- **DATA BELOW**:
┌────────
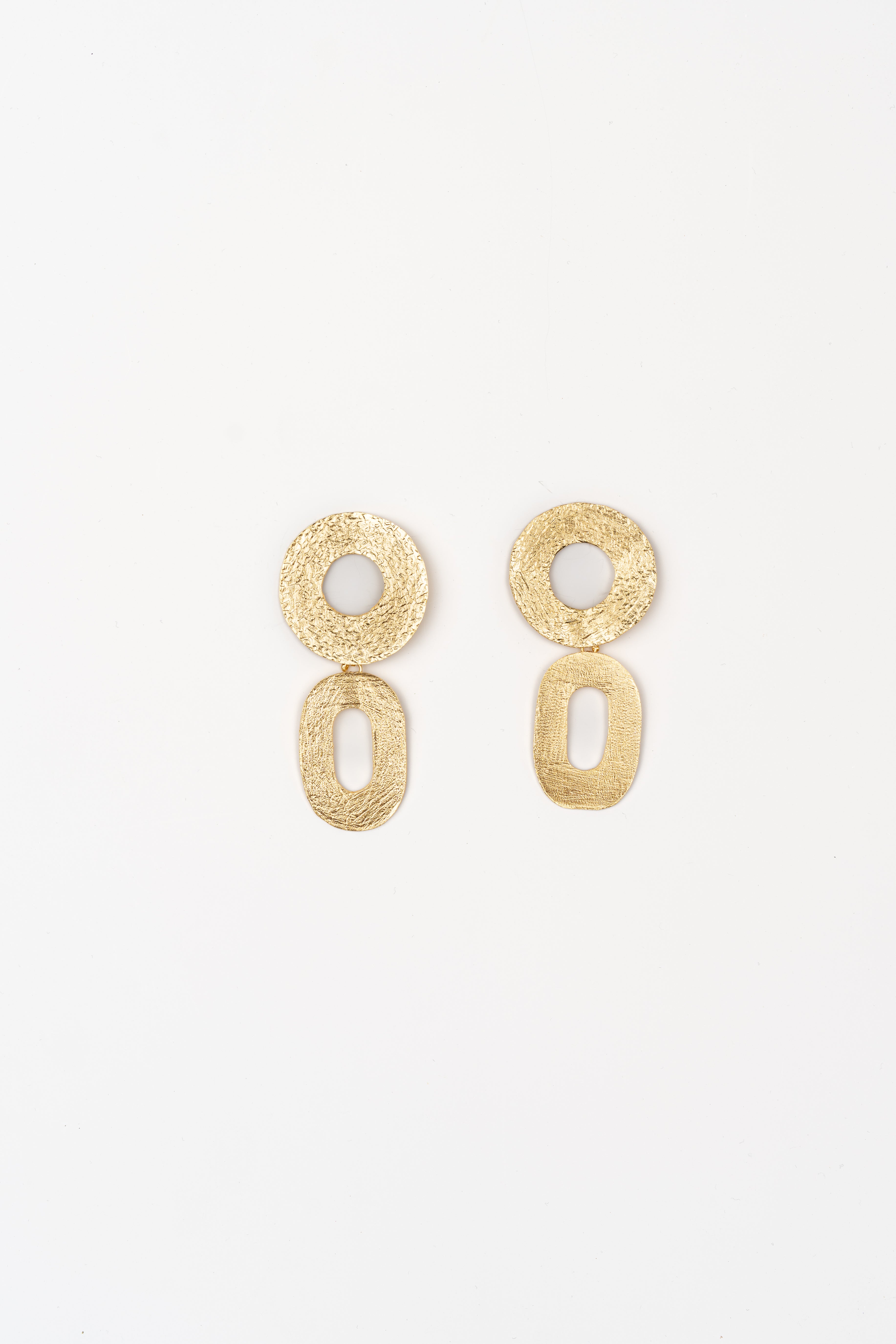 Pendientes de acero inoxidable dorado con aro circular y pieza ovalada colgante, ambos con textura martillada.
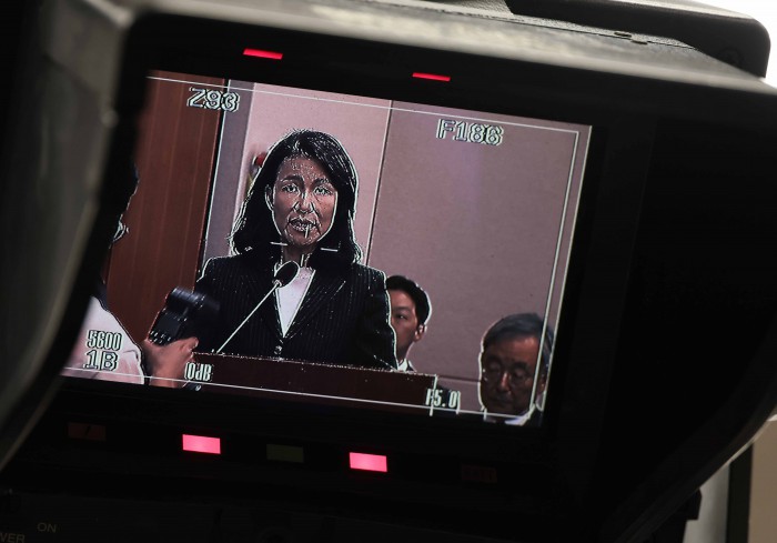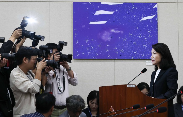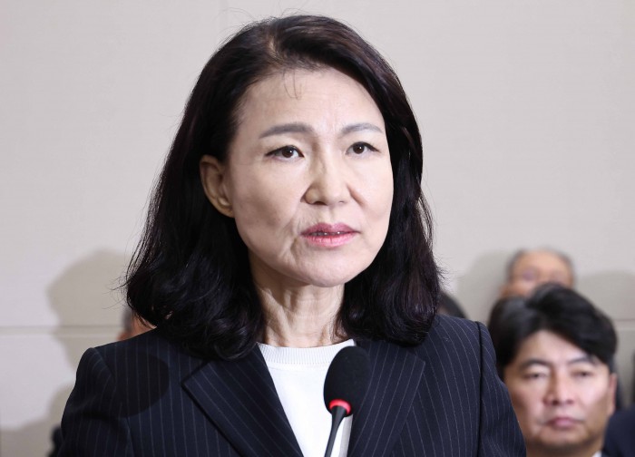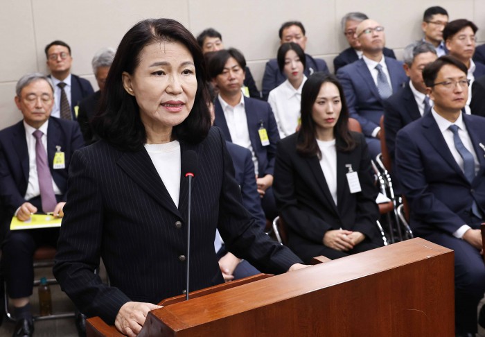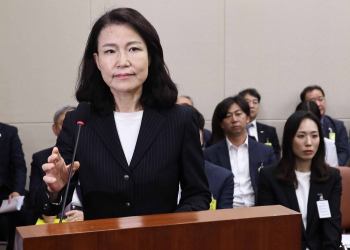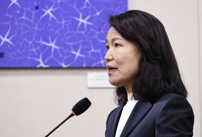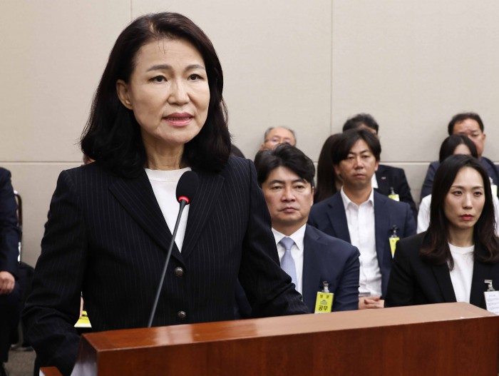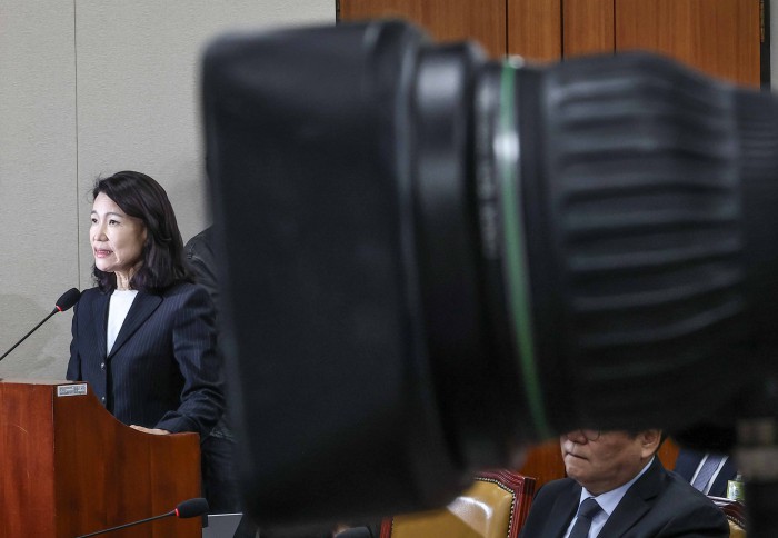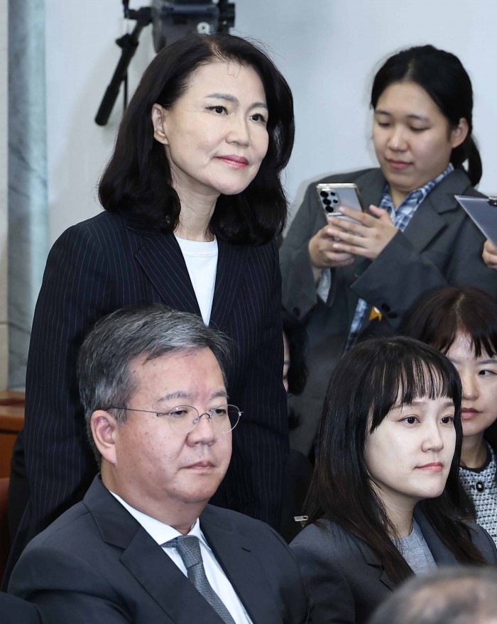 [서울=뉴스핌] 윤창빈 기자 = 이진숙 전 방송통신위원장이 14일 오후 서울 여의도 국회에서 열린 과학기술정보방송통신위원회의 방송통신위원회 등에 대한 국정감사에서 답변을 위해 단상으로 향하고 있다. 2025.10.14 pangbin@newspim.com
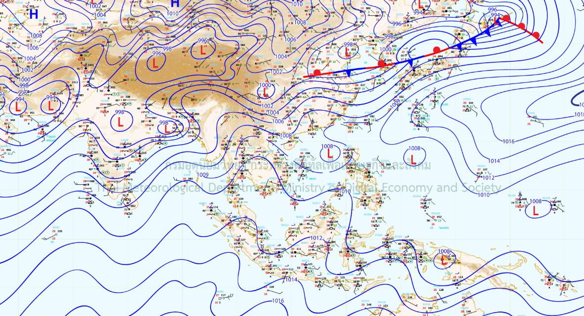 - ภาคเหนือและภาคตะวันออกเฉียงเหนือ มีเมฆมาก ประกอบกับมีฝนฟ้าคะนองร้อยละ 70 ของพื้นที่ และมีฝนตกหนักบางแห่ง ภาคใต้ มีมีเมฆเป็นส่วนมาก กับมีฝนฟ้าคะนอง ร้อยละ 40 ของพื้นที่ ทะเลมีคลื่นสูงประมาณ 1 เมตร ห่างจากฝั่งคลื่นสูง 1-2 เมตร ภาคกลาง กรุงเทพมหานครและปริมณฑล มีเมฆเป็นส่วนมาก กับมีฝนฟ้าคะนองร้อยละ 60 ของพื้นที่ และมีฝนตกหนักบางแห่ง
└────────
- **REQUIREMENT**: Without any of its images, the data above should be returned exactly.

- **RESPONSE TO THIS TASK**:
 Pendientes de acero inoxidable dorado con aro circular y pieza ovalada colgante, ambos con textura martillada.
 [서울=뉴스핌] 윤창빈 기자 = 이진숙 전 방송통신위원장이 14일 오후 서울 여의도 국회에서 열린 과학기술정보방송통신위원회의 방송통신위원회 등에 대한 국정감사에서 답변을 위해 단상으로 향하고 있다. 2025.10.14 pangbin@newspim.com
 - ภาคเหนือและภาคตะวันออกเฉียงเหนือ มีเมฆมาก ประกอบกับมีฝนฟ้าคะนองร้อยละ 70 ของพื้นที่ และมีฝนตกหนักบางแห่ง ภาคใต้ มีมีเมฆเป็นส่วนมาก กับมีฝนฟ้าคะนอง ร้อยละ 40 ของพื้นที่ ทะเลมีคลื่นสูงประมาณ 1 เมตร ห่างจากฝั่งคลื่นสูง 1-2 เมตร ภาคกลาง กรุงเทพมหานครและปริมณฑล มีเมฆเป็นส่วนมาก กับมีฝนฟ้าคะนองร้อยละ 60 ของพื้นที่ และมีฝนตกหนักบางแห่ง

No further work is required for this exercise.